Photo 3 is a pair of moccasins I studied in the Gilcrease and although we can see the rather typical navy blue symbolic Thunderbird on the moccasin vamp, the use and look of the quadruped designs on this pair are a little different. The blue background is a little rarer for Cheyenne, who typically prefer white backgrounds, but this use is not uncommon, and the moccasins do have all of the other tell-tale Cheyenne attributes. The use of a split heel seem, seven design elements around the perimeter, and beaded instep lane are all correct for Cheyenne moccasin preferences, but the treatment on the vamp is decidedly different. The placement of the Thunderbird is typical of most of the other moccasins discussed in this series, but the unusual placement of the two small red quadruped figures in the vamp is unique. While the quadruped designs on the Bata example (Photo 1) and the Gilcrease moccasins shown in Photo 2 appear to represent dogs in my opinion, the look of the designs on this pair with much shorter tails, makes me think more of a deer representation. Notice that these figures, while beaded in solid red beads like the designs on the moccasins in Photo 2, they do not have the "heart" symbology present. There are a great many variations of both the Thunderbird and quadruped design elements to be found in all manner of Cheyenne beaded articles.

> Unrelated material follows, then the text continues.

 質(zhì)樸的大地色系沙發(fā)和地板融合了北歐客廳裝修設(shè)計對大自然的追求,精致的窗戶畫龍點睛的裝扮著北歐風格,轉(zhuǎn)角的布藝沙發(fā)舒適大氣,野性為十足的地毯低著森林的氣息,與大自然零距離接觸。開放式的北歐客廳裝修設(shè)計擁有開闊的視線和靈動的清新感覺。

The three examples presented here, showing Cheyenne use of Thunderbird and Quadruped designs on moccasins should provide Whispering Wind readers a beginning basis to better understand Cheyenne use of these important symbols as applied to beadwork embroidery.

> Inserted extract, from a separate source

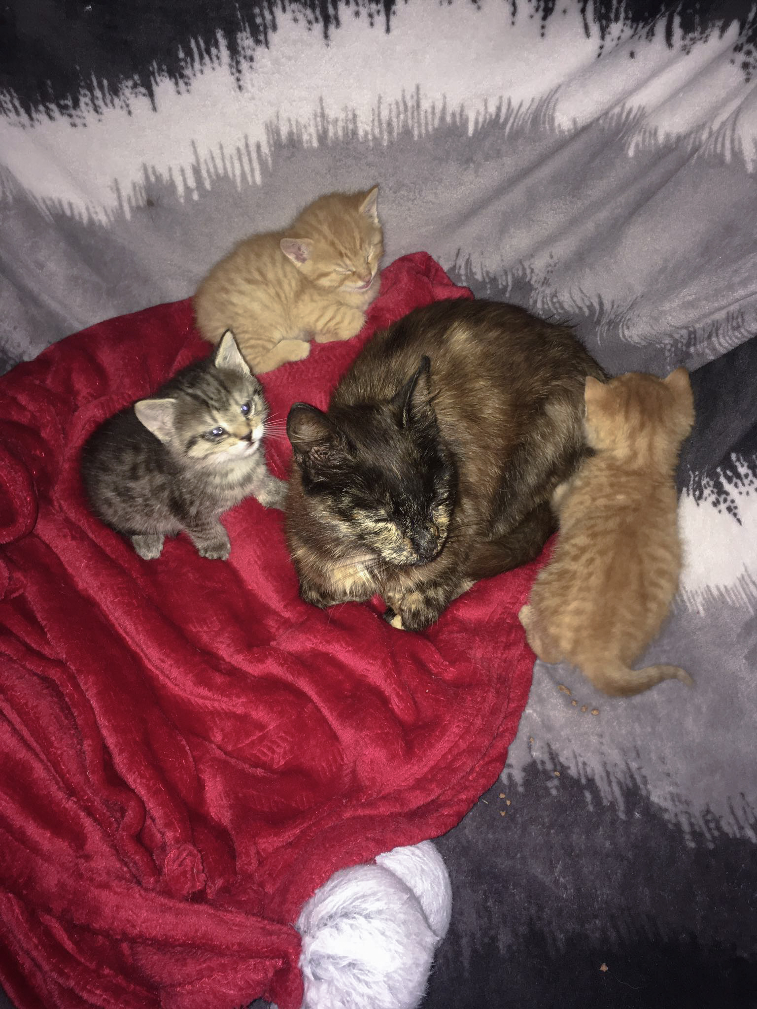 The mum and kittens are doing well. The kittens were prescribed antibiotical eye drops and it seems it works and the state of their eyes is getting better. ❤️

This series has been made possible by several individuals and organizations I would like to thank. Jim Beuoy first brought the photos of the moccasins I plan to present in this series to my attention several years ago when he sent copies to me as a gift. Without Jim's thoughtfulness this series would not be possible. Later I was to learn that the artist who created these photos was actually Wilbur Cheeks, a friend of both Jim's and mine, who personally selected these moccasins to study and chose to photograph them, during one of his research visits to Toronto's famous Bata Shoe Museum. Wilbur's knowledge of Native American material culture, sharp eye, and photographic skill has presented Whispering Wind readers with a unique opportunity to better understand the Cheyenne use of Thunderbird symbols in moccasin beadwork embroidery.
Thanks also to Suzanne McLean of the Bata Shoe Museum in
Toronto, Tyrone Stewart, Mike Cowdrey, Jack Heriard, and Whispering Wind magazine for making this opportunity to learn more about Cheyenne culture possible.

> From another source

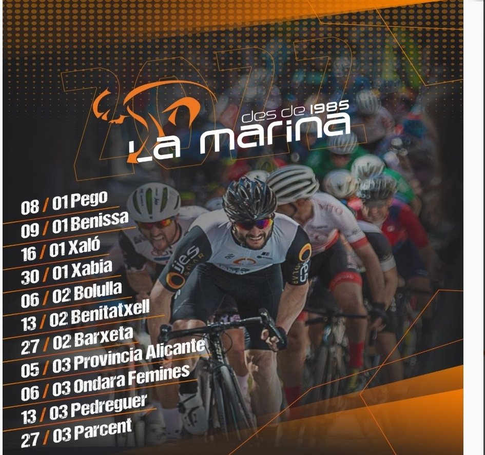 La Volta La Marina 2022 comenzará el día 8 de enero en Pego. La competición contará con otras pruebas ya fijadas según el calendario que ha diseñado la organización. El 9 de enero se correrá en Benissa; el 16, en Xaló; el 30, en Xàbia; los días 6, 13 y 27 de febrero en Bolulla, Benitatxell y Barxeta, respectivamente; y en Pedreguer y Parcent, los día 13 y el 27 de marzo. La Vuelta Ciclista Féminas Ajuntament D’Ondara se correrá el 6 de marzo.

Conn, Richard. (n.d.). "Cheyenne Style Beadwork". American Indian Hobbyist, #43, 7:2.
Cooley, Jim. (1986). Southern Plains Women's Moccasins and the Mohonk Lodge. Moccasin Tracks. 11:6.
Cowdrey, Mike. Arrow Elk Society Ledger, A Southern Cheyenne Record of the 1870s (Santa Fe: Morning Star Gallery, 1999)
Cowdrey, Mike. American Indian Horse Masks (Nicasio, CA: Hawk Hill Press, 2006)
Cowdrey, Mike. "The Turtle Hangs Before: Celestial Templates in Cheyenne Cosmology, "European Review of Native American Studies, 17(2): 1-10, 2003
Cowdrey, Mike, personal correspondence, 1992-2009.
Kincaide, Reese. (1930). Genuine Indian Bead Work and Art Goods. Catalogue of the Mohonk Lodge, Colony, OK.
Kroeber, Alfred L. (1983). The Arapaho. Lincoln: University of Nebraska Press.
Marriott, Alice. (1956). The Trade Guild of the Southern Cheyenne Women. Bulletin of the Oklahoma Anthropological Society, Volume II.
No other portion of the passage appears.